Wife of actor Macy touts their working together



The pair's latest project is the CBS thriller 'Reversible Errors.'
LOS ANGELES (AP) -- Felicity Huffman is on her cell phone as she enters the restaurant for an interview. She's talking to husband William H. Macy, who's half a world away filming the adventure "Sahara."
As parents of two young daughters, the acting couple try to juggle their busy schedules so only one of them is working at a time. Occasionally, however, they end up working at the same time -- even on the same project.
Such was the case with the crime thriller "Scott Turow's 'Reversible Errors.'" The CBS miniseries, which also stars Tom Selleck and Monica Potter, airs at 9 tonight and Tuesday.
Huffman, 41, portrays Gillian Sullivan, a disbarred judge whose drug abuse and ethical violations have landed her in prison.
"I look like hell in this movie. Which is fine," the forthright Huffman says.
Wearing a T-shirt, jeans and smoothed blond hair, she looks considerably better this day, although she apologizes for not being able "to get all dressed up" because of family demands.
Character connection
Macy, 54, plays Arthur Raven, a big-time corporate lawyer who is grudgingly assigned to a pro bono appeal for a man on death row claiming innocence. While unraveling the truth, Raven tracks down Sullivan. She not only had sentenced his client, but was also someone he once had a secret crush on.
Huffman insists she still harbors some surprise that in real life Macy "chose me. ... You could have knocked me down with a feather. I had a bad perm and glasses, and I was 30 pounds heavier than I am now."
The two have worked together in "a bunch of plays," the movie "Magnolia" and the ABC sitcom "Sports Night."
"It's actually one of the things we do best. We work really well together, which is surprising because I know it's tough for couples to play tennis together, much less work together," Huffman said.
"I'm not competitive with him at all. I think he's one of America's greatest actors, and so you sort of go, 'Well, you cornered the market on that. That's cool,'" she says. "He's able to help me and coach me, and I don't get my nose out of joint."

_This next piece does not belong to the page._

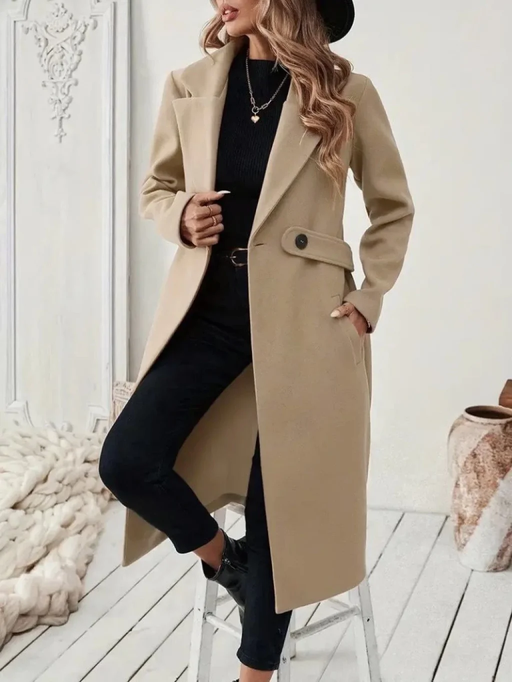 Kadın Uzun Kollu Yakalı Belde şerit Düğme Detaylı Cepli Mini Kaşe Kaban
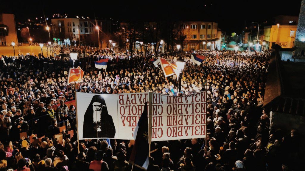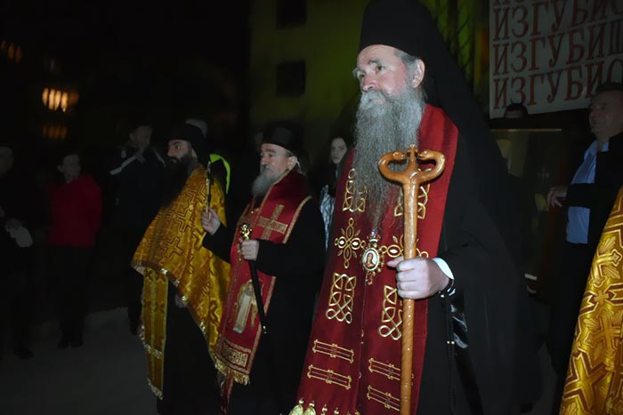 На тргу испред хотела зауставили су се и сви у један глас изговорили молитву Оче наш. Затим се на позив Епископа Атанасија сабранима обратио Епископ Јоаникије који је литију назвао народном скупштином: – Откуда оволика радост када смо изложени истовремно и великој неправди и дискриминацији? Зато што смо заједно изашли да се боримо против неправде, од старца до детета, сви заједно као једно биће. А знамо, где су деца и где је верни народ Божији, ту су и Анђели Божији и Свеци Божији. Будите уверени да је на вашем челу Свети Сава. Ви сте осетили да се ових дана, када се боримо против неправде и боримо за слободу вере, пише историја. И ви сте сви учесници тих важних догађаја. И борба за правду даје радост и смисао живота, а нарочито кад се боримо за слободу своје вере и својих светиња.

Furthermore, she insists, "Bill's very kind and not judgmental ... and I am not kind and I'm very judgmental!"
By request
The script of "Reversible Errors" was "sent to Bill first," she says, as is usual. "Then he says, 'Cast my wife, please.'"

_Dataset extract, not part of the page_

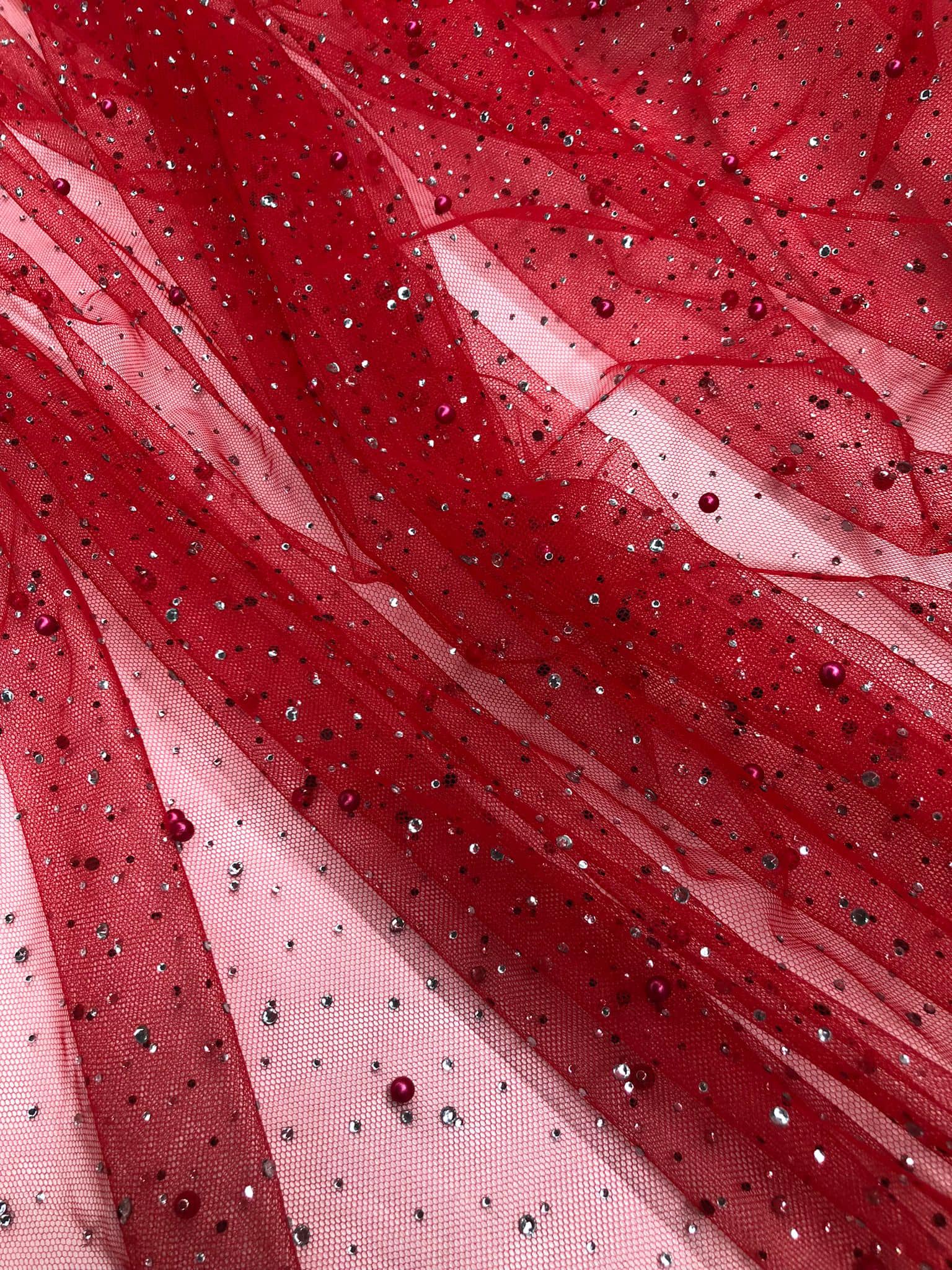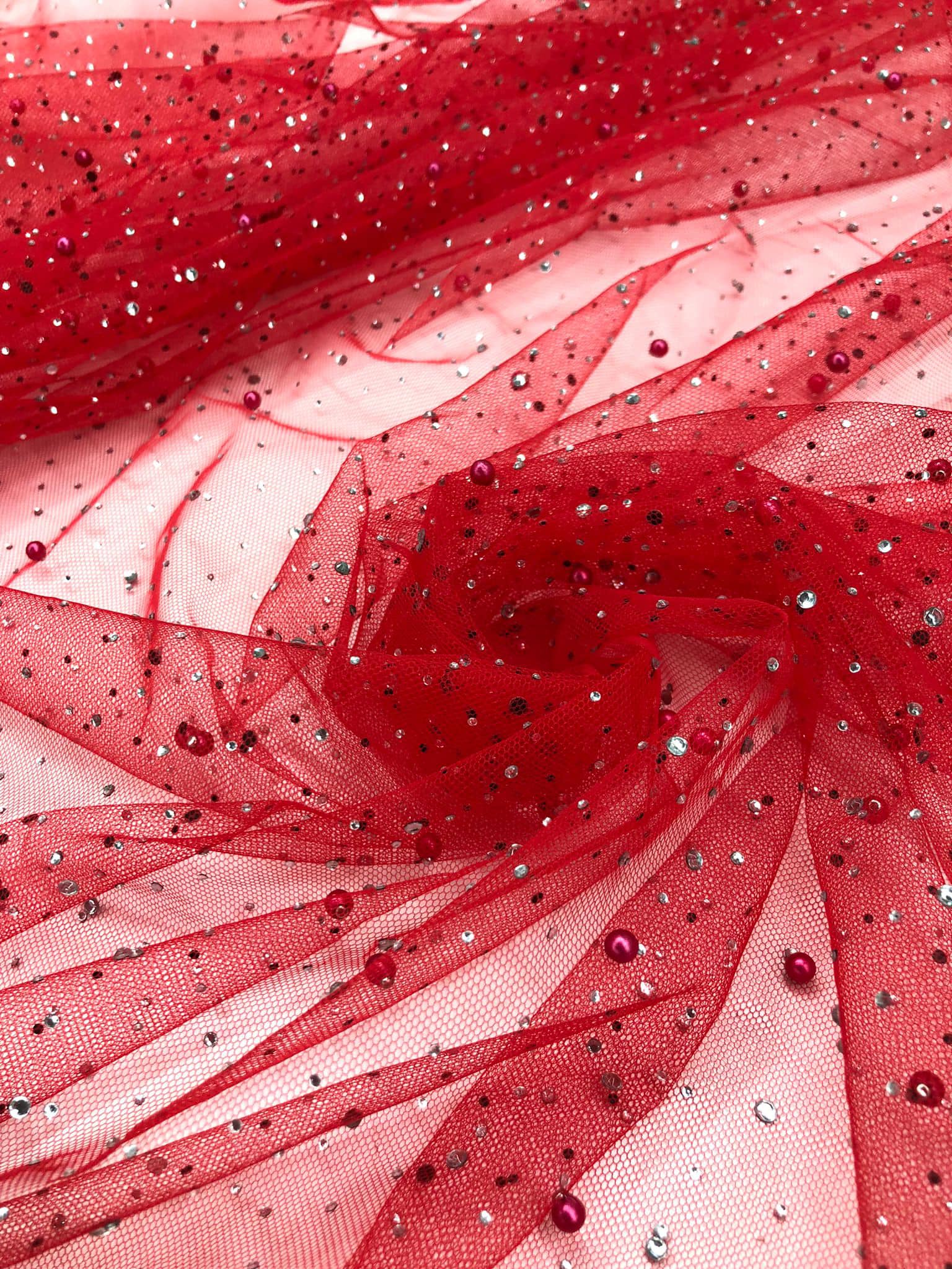 - Tulle accesorizat cu strasuri si perle , Rosu

She wasn't cast until the day before rehearsals started but was "thrilled to get a job without auditioning," even though it meant moving the entire family from Los Angeles to Canada on short notice for the shoot.

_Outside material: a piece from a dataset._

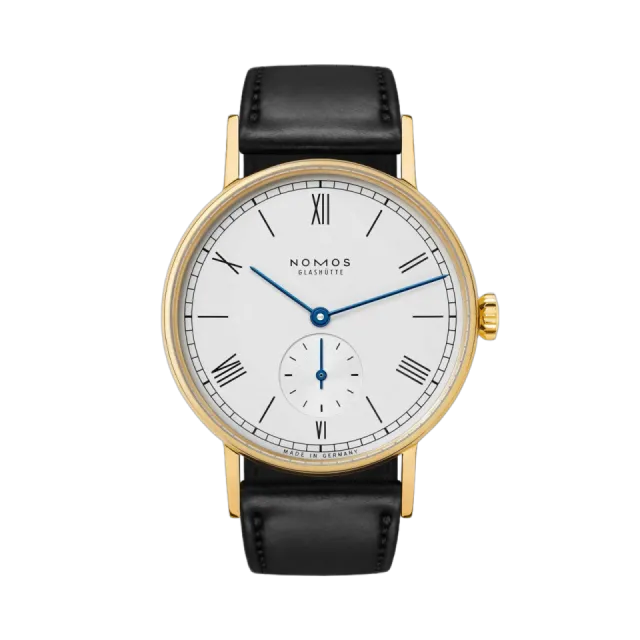 NOMOS Glashütte'nin Ludwig gold modeli, modern dünyaya uyum sağlayan geleneksel bir şıklık sunuyor. 18 ayar altın kasası ve zarif Roma rakamlarıyla klasik bir zarafet sergileyen bu saat, el yapımı NOMOS kalibresi ile hassasiyet ve zarafeti bir araya getiriyor. Horween Genuine Shell Cordovan deri kayışı, saatin estetik bütünlüğünü tamamlıyor. İnce yapısı ve uyumlu oranlarıyla, her anınıza zarafet katacak bir aksesuar.

"Felicity is capable of playing all facets of a diamond," co-executive producer Frank von Zerneck says. He noted how Huffman's character transitions from "a cold, tough cookie, smart as a whip with no cracks in her exterior to ... this injured bird with a broken wing, vulnerable, frightened."
"This is someone who fell, fell, fell," Huffman says. "He [Raven] remembers me from my glory days ... so he's intrigued and sort of pursues me, even though I'm so damaged."
Huffman, the youngest of eight kids, grew up in Aspen, Colo., in a family "mostly into horses." She did her stint as a polo groom for several summers but had already been hooked by acting.
Later she studied acting in both London and New York, where she met Macy.
Huffman co-stars in the upcoming Kate Hudson movie "Raising Helen." She has also filmed "Desperate Housewives," a pilot considered likely for ABC's fall schedule in which she plays "a crazed mother of four."
This month it will be Macy's turn to stay around Los Angeles with the kids as Huffman starts work on the independent movie "Transamerica," playing a transsexual who discovers that as a man he fathered a son.